### WHAT TO PRODUCE
The data below should be retyped exactly, with the pictures left out.

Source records

+++

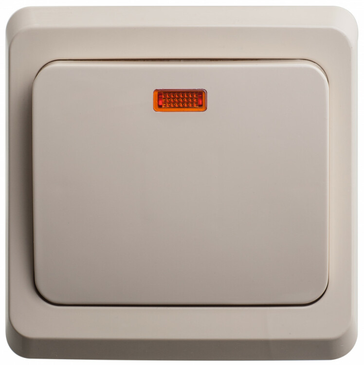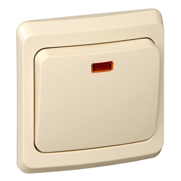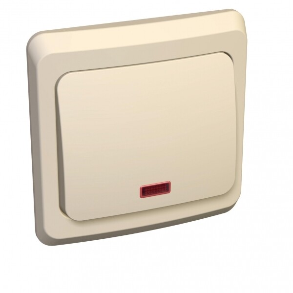 Переключатель 1 клавишный с подсветкой 10А кремовый Этюд
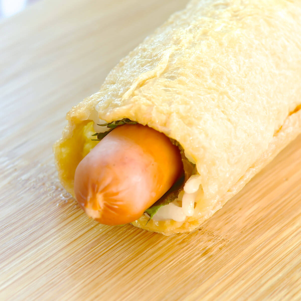 ソーセージをごはんといなりで巻いた初体験の味が楽しめます。
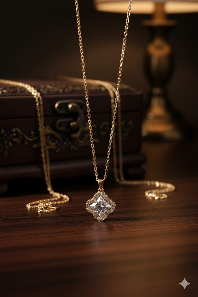 Bring luck and elegance to your style with the Clover Pendant Necklace, a charming accessory that symbolizes hope, faith, love, and luck. Featuring a beautifully crafted four-leaf clover pendant, this necklace is finished with a radiant polish that adds a touch of sophistication to any outfit. Perfect for both everyday wear and special occasions, its lightweight design ensures comfort without compromising on style. Made from high-quality materials for lasting shine and durability, this necklace pairs effortlessly with both casual and formal looks. The Clover Pendant Necklace is a meaningful and stylish piece, making it an ideal gift or personal keepsake.
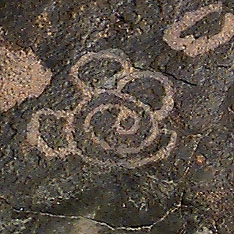 In the Hopi Sun Park we had been told that the spiral was the way Native Americans marked time or cycles. In this petroglyph we think we can see validation for this. The spiral marks one complete cycle. On the outside of this time marker there are several circles, possibly representing the sun or the moon, in various degrees of eclipsing the time symbol. It seems to us that these are Native American in origin. So how does all this relate to the initial claim of foreign visitors? |
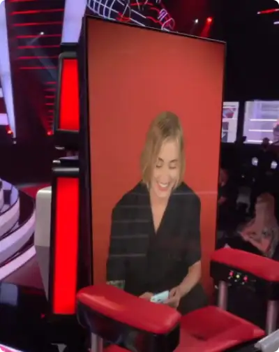 Anouk is bij de audities te zien via een videoscherm in haar rode Voice-stoel. Ali B. laat kort zien hoe dit er precies uitziet. Dit is bovenaan deze pagina te zien en voor de minder geduldige lezers zie je hieronder een screenshot.

+++

### SOLUTION FOR THIS PROBLEM
 Переключатель 1 клавишный с подсветкой 10А кремовый Этюд
 ソーセージをごはんといなりで巻いた初体験の味が楽しめます。
 Bring luck and elegance to your style with the Clover Pendant Necklace, a charming accessory that symbolizes hope, faith, love, and luck. Featuring a beautifully crafted four-leaf clover pendant, this necklace is finished with a radiant polish that adds a touch of sophistication to any outfit. Perfect for both everyday wear and special occasions, its lightweight design ensures comfort without compromising on style. Made from high-quality materials for lasting shine and durability, this necklace pairs effortlessly with both casual and formal looks. The Clover Pendant Necklace is a meaningful and stylish piece, making it an ideal gift or personal keepsake.
 In the Hopi Sun Park we had been told that the spiral was the way Native Americans marked time or cycles. In this petroglyph we think we can see validation for this. The spiral marks one complete cycle. On the outside of this time marker there are several circles, possibly representing the sun or the moon, in various degrees of eclipsing the time symbol. It seems to us that these are Native American in origin. So how does all this relate to the initial claim of foreign visitors? |
 Anouk is bij de audities te zien via een videoscherm in haar rode Voice-stoel. Ali B. laat kort zien hoe dit er precies uitziet. Dit is bovenaan deze pagina te zien en voor de minder geduldige lezers zie je hieronder een screenshot.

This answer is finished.